King’s story appears in a section on prophets and visionaries—but, of course, he was far more than that. He was a nonviolent activist, a theoretician and a martyr. The theoreticians are also practitioners. Most of the organizers are also nonviolent activists. As you read this book, you will see how these lives connect across all of the sections, but clustering these peacemakers around one aspect of their gifts helps us to see more clearly the wide range of ways people can engage in making peace.

The list of individuals in each category is not a ranking, rather a representation. Outstanding peacemakers have not been included in this book for a variety of reasons: Someone similar is already in the book; I’ve told the person’s story in one of my other books; or I selected a story for the sake of balancing the range of examples. The range runs from household names to people you will meet for the first time in these pages. The range includes men and women, young and old, people from around the world, people from different religious traditions.

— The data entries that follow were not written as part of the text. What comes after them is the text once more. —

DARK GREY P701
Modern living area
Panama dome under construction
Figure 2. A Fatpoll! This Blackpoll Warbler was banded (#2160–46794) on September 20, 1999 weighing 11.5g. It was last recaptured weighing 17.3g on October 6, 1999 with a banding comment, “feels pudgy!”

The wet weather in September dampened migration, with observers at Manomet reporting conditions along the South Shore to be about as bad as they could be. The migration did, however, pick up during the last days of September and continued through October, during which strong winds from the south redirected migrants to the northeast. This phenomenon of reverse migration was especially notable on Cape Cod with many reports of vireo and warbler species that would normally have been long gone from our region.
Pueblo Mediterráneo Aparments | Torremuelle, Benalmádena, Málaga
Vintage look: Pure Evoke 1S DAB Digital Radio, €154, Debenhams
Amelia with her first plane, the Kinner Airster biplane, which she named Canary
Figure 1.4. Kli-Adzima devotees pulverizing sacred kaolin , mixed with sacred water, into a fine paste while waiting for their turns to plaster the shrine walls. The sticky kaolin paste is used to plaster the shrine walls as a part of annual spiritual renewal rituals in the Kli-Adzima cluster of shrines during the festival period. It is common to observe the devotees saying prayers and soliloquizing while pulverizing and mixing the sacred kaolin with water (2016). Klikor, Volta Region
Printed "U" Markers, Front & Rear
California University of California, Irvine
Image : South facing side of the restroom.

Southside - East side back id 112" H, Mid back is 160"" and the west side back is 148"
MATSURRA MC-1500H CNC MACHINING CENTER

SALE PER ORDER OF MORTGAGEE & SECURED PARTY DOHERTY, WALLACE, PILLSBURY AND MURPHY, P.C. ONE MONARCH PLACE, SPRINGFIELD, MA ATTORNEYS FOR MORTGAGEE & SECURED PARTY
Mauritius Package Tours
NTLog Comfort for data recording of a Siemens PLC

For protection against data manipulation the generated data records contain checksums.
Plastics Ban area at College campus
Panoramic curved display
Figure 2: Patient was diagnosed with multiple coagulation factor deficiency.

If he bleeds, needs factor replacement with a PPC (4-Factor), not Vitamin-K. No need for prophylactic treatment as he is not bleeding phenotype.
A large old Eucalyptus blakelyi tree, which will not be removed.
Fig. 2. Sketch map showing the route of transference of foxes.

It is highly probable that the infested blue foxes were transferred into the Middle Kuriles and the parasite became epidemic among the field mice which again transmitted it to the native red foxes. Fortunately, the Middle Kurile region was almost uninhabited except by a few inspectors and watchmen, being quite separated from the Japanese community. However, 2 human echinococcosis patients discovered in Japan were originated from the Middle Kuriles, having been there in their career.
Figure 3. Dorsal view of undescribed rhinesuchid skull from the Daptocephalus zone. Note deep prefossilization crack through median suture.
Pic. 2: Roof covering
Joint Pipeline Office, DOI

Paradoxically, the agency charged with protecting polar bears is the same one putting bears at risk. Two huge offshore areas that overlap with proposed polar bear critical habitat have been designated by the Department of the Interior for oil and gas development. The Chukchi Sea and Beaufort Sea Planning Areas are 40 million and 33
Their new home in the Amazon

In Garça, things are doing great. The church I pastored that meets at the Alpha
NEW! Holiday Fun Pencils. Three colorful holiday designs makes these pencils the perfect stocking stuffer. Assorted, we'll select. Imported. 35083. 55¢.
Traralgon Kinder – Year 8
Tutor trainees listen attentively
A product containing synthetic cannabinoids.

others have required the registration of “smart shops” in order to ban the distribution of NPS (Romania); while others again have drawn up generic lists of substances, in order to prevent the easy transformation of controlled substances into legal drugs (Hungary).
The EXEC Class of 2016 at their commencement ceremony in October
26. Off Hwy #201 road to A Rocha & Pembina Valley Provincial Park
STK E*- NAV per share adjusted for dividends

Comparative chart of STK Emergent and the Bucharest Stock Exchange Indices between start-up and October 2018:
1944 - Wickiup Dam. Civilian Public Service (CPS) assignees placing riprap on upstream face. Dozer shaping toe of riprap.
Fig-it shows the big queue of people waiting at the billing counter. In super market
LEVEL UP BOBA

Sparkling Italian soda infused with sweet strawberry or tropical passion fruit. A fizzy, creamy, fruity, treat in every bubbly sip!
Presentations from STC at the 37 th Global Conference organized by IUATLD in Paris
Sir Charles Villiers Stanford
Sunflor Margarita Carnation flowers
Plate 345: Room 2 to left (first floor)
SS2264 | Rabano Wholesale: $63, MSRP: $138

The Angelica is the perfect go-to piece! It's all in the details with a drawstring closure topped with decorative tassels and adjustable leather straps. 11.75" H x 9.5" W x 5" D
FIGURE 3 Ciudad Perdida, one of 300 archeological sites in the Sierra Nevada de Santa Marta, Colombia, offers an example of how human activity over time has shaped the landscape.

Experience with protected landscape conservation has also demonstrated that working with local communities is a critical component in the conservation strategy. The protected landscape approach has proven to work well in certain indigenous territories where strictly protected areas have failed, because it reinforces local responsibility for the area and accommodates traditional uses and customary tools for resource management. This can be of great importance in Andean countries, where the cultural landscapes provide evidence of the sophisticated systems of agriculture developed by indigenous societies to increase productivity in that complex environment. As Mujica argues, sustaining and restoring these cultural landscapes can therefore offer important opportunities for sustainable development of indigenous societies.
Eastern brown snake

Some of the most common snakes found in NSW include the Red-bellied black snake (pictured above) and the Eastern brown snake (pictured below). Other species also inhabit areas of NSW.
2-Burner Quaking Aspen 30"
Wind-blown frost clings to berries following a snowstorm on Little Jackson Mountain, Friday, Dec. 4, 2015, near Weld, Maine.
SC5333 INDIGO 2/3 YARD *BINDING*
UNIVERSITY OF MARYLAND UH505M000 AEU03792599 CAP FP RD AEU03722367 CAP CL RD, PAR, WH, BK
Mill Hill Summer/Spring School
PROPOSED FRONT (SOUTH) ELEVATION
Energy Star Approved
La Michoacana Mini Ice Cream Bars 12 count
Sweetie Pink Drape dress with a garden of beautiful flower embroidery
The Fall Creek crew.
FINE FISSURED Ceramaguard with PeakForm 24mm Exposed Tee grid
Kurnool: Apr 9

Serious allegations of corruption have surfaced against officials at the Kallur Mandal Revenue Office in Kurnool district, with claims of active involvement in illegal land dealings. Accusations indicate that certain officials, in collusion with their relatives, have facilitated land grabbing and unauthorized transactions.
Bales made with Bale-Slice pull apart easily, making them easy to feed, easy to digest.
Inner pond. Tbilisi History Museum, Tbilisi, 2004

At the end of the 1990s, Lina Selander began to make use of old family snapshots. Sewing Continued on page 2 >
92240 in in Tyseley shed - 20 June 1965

Our popular culture is a terrible window into the real world. Judging by TV ratings and best sellers, our heroes are comic-book crusaders and contest winners, athletes and movie stars, crime-fighting cops and gun-toting warriors. By reading this book, you’re entering a world of heroes who live by a different code. The good news is: You may never become a super hero or the star of a TV series, but anyone can follow the path toward peacemaking.

Helen Keller said, “Although the world is very full of suffering, it is also full of the overcoming of it.” Peacemakers know the suffering of the world well, and sometimes they pay the price for their work with their own lives. But these peacemakers have found ways to overcome and transform conflict, violence and war. They have not limited themselves to the rules of the troubled world as they found it—but through courage and creativity they brought into being new kinds of communities, outposts of a new kind of world.

Wherever there is bad news there are people of good news, even if their stories are seldom told. As you read, start retelling these stories to family, friends, co-workers, neighbors. You’ll be spreading this light and, even in those first steps, you’ll be strengthening all of us for the work of making peace.